Don’t call them documentaries! Make films that happen to be
unscripted, that happen to be improvised, that happen to be conversational,
that happen to feature real people. When I talk to my friend Harmony Korine, I have more
in common with what he does than I do with many of my documentarian contemporaries.
Korine is a master of throwing a ton of balls in the air and just figuring out
what lands as he goes. It’s a balance between the preconceived and getting
balls in the air. I have more in common with him because my films aren’t issue films
or journalistic. They’re just these odd, deeply personal portraits.

We’re seeing so many
documentaries take these narrative risks in the way they tell their stories, be
it Sarah Polley’s “Stories We Tell” or Joshua Oppenheimer’s “The Act of Killing.” “Farewell To Hollywood” is obviously different, but how do you see it fitting
into these documentaries that break storytelling boundaries?

Right, we’re seeing all of these hybrid films. But that’s
something that’s inherent with documentary filmmaking that I love so much. Just
look at Errol Morris and “The Thing Blue Line,” which came out more than twenty
years ago or so.

So then what is it
about documentaries that speaks to you so profoundly?

I love the improvisational feel to them. I like not
knowing the end as you begin. I like crafting very cinematic movies
that have a language that is unique to the story and the characters. I am hopeless
as soon as you hand me a script. Scripts bore me, and I don’t know why. But you
put a camera in my hand and a character like Reggie that I can connect with and my brain comes alive as a storyteller and as a filmmaker.

The movie has been touring around the world for almost a year now. Will it get distribution ever?

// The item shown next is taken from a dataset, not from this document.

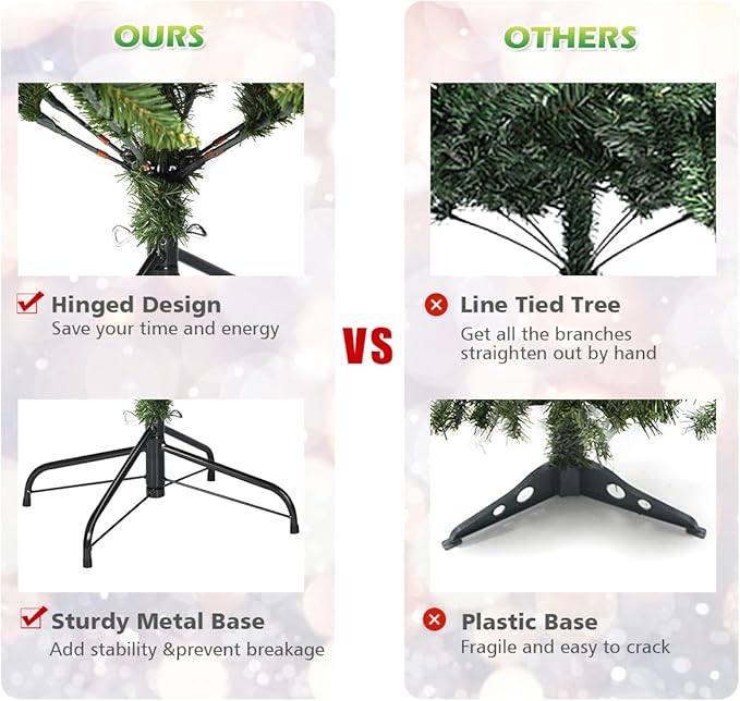 - Hinge Design for Easy Assembly - Effortlessly assemble, dismantle, and store our Christmas tree with the help of its 3 hinged sections and sturdy metal base. This user-friendly design ensures a hassle-free experience. Enjoy the convenience of completing the assembly of this tree with just a few simple steps.
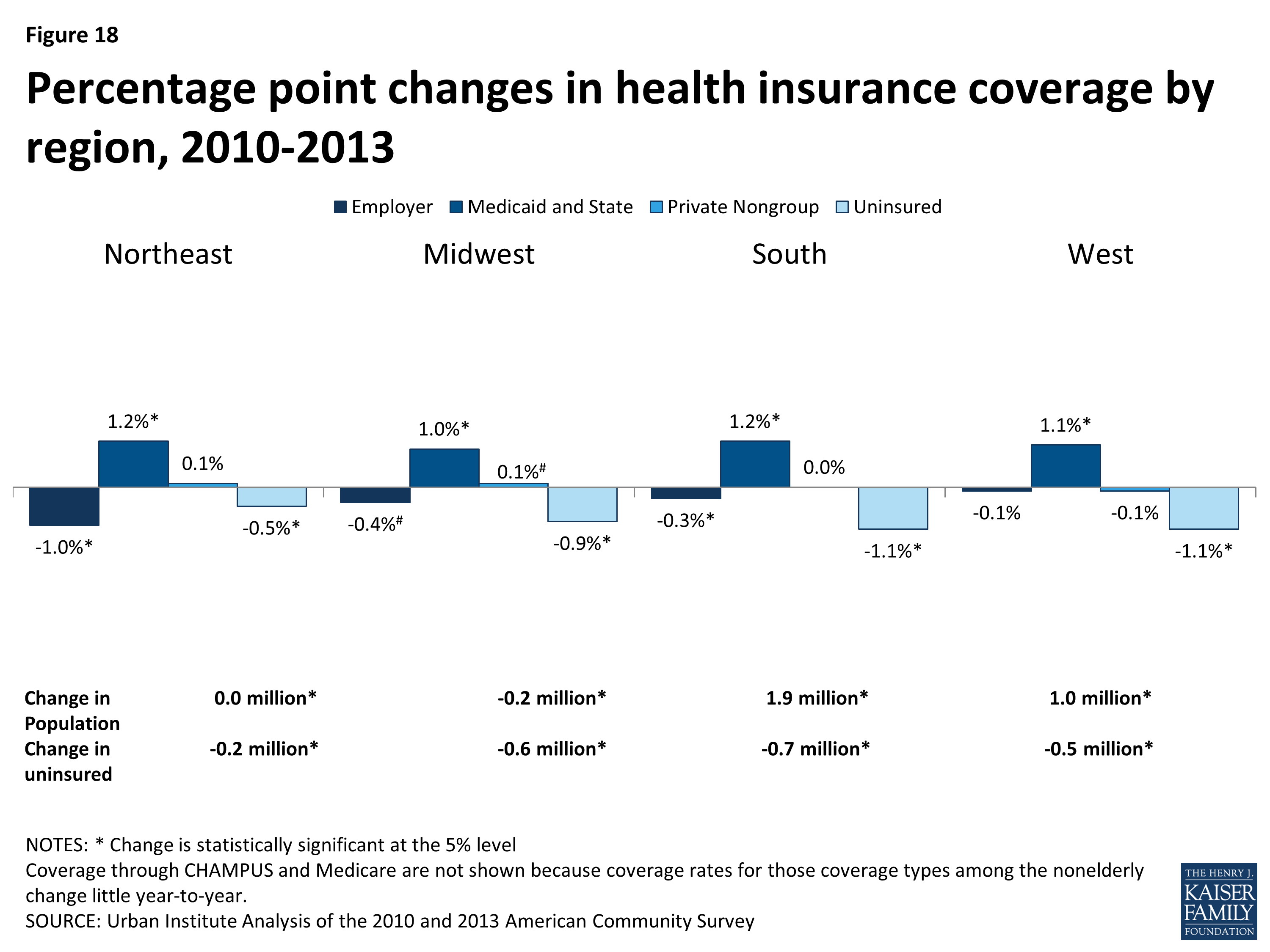 Figure 18: Percentage point changes in health insurance coverage by region, 2010-2013

Yes! Film International is going to do a 30-city thing.
It’ll open in New York and Los Angeles first at the kind of places where these
types of movies always play. We have a great team behind it and a great distributor
for art films. After NY and LA, it’ll roll out into 30 cities beginning
sometime in January. We’ll see how it does. For the first 15 years “Grey Gardens” only had 3 screenings at the Paris Theater. Maybe only like 500 people
saw it. And for 15 years it was an underground movie. One of my jobs under the
Maysles Brothers was to take the print down to gay parties in the West Village
and show it. It basically sat dormant for a long time and then was
rediscovered. You can’t have it all. You can’t make movies like this and turn
around and say, “Now I want commercial success!” You have to define what
success is, and right now I feel like this film is just beginning. It’s going to have a long life. There’s been an
incredible emotional response to the movie, and that’s going to continue to
grow. It deeply affects people. That’s success.